The study period was from 2006 to 2021, and therefore involved both retrospective and prospective data collection. First, the medical records of children aged 0–15 years who had been diagnosed with TB between 2006 and 2018, confirmed by mycobacterial culture or molecular diagnosis, were retrospectively reviewed. The cases were identified from ICD-10 and microbiological records from the Department of Microbiology, Faculty of Medicine, Chulalongkorn University. In addition, data on demographics, clinical diagnosis, treatments, and outcomes were collected. Second, a prospective study enrolled children aged 0–15 years with suspected TB, and involved the collection of specimens for acid-fast bacilli (AFB) staining, molecular techniques, and mycobacterial culture from two centers (KCMH and QSNICH) between 2019 and 2021.

Case definitions

According to WHO guidance on national TB programs for the management of TB in children in 2014, pulmonary TB refers to any bacteriologically confirmed TB with the involvement of lung parenchyma or the tracheobronchial tree, including intrathoracic nodes as well as miliary TB, while extrapulmonary TB refers to any bacteriologically confirmed TB with the involvement of organs other than lungs, such as pleura, lymph nodes, abdomen, genitourinary tract, skin, joints and bones, and meninges (World Health Organization. 2014). Treatment outcome definitions for drug-susceptible TB (DS-TB) and RR-TB are also defined by the same 2014 WHO guidance.
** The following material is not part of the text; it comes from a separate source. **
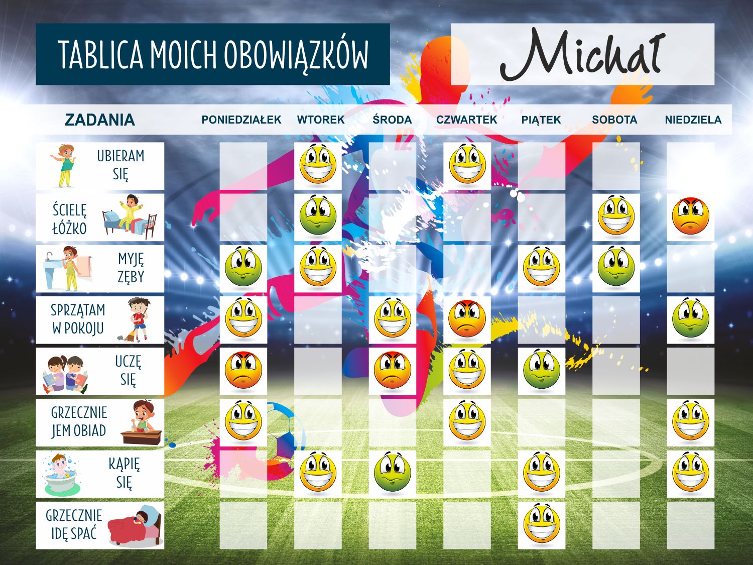 - Izberite naloge za svojega otroka– seznam opravil vključuje: oblačenje, postiljanje postelje, umivanje zob, čiščenje, učenje, dobro prehranjevanje ali kopanje.

Case definitions of drug-resistant TB (DR-TB) and outcomes

The definition of DR-TB was adapted from the WHO 2020 drug-resistant tuberculosis treatment guidelines (WHO consolidated guidelines on tuberculosis, 2020). Drug resistance was categorized based on isoniazid and rifampicin DST as follows: Hr-TB if resistant to isoniazid and susceptible to rifampicin; Rr-TB if resistant to rifampicin but susceptible to isoniazid; RR-TB if resistant to rifampicin and either susceptible or resistant to isoniazid; MDR-TB if resistant to both isoniazid and rifampicin; pre-extensively drug-resistant (pre-XDR-TB) if resistant to isoniazid, rifampicin, and any fluoroquinolones or one of three second-line injectable drugs (capreomycin, kanamycin, and amikacin); and extensively drug-resistant (XDR-TB) if resistant to isoniazid, rifampicin, any fluoroquinolones, and at least one of the three second-line injectable drugs. However, the pre-XDR-TB and XDR-TB definitions used did not comply with the WHO 2021 guidelines because DST for bedaquiline and linezolid was not assessed.
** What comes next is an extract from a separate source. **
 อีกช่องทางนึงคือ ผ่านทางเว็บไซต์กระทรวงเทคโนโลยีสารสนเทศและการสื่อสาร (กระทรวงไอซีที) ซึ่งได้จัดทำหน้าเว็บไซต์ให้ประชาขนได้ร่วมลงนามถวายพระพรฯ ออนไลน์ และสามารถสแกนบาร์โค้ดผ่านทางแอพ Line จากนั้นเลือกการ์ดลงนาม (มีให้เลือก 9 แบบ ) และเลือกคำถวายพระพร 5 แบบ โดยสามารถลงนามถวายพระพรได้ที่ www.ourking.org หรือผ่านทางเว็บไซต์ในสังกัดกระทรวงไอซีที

Outcomes for TB patients were adapted from the WHO Definitions and Reporting Framework for Tuberculosis 2013 revision (updated December 2014 and January 2020). World Health Organization. 2013 revision. Treatment outcomes for TB patients, excluding cases of RR- or MDR-TB, were as follows: ‘cured’ referred to a pulmonary TB patient with bacteriologically confirmed TB at the beginning of treatment, but who was subsequently smear- or culture-negative in the last month of treatment and on at least one previous occasion; ‘treatment completed’ referred a TB patient who completed treatment without evidence of failure. If a patient had no records of sputum smear or culture results in the last month of treatment, and no reported negative results on at least on the previous occasion, either because of no tests performed or unavailable results, then there was no evidence of failure.
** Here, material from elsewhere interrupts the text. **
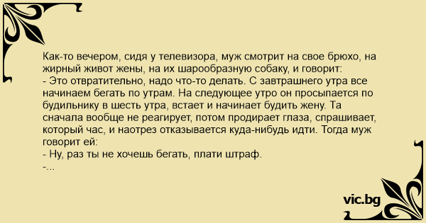- Это отвратительно, надо что-то делать. С завтрашнего утра все начинаем бегать по утрам. На следующее утро он просыпается по будильнику в шесть утра, встает и начинает будить жену. Та сначала вообще не реагирует, потом продирает глаза, спрашивает, который час, и наотрез отказывается куда-нибудь идти. Тогда муж говорит ей:

Treatment outcomes for RR-TB, MDR-TB, and XDR-TB patients treated using second-line treatments were as follows: ‘cured’ referred to treatment completed as recommended by the national policy without evidence of failure, with three or more consecutive cultures taken at least 30 days apart being negative after the intensive phase; ‘treatment completed’ referred to treatment completed as recommended by the national policy without evidence of failure, with no records that three or more consecutive cultures taken at least 30 days apart after the intensive phase were negative; ‘lost to follow-up’ referred to patients whose treatment was interrupted for 2 consecutive months or more. Treatment success included both ‘cured’ and ‘treatment completed’.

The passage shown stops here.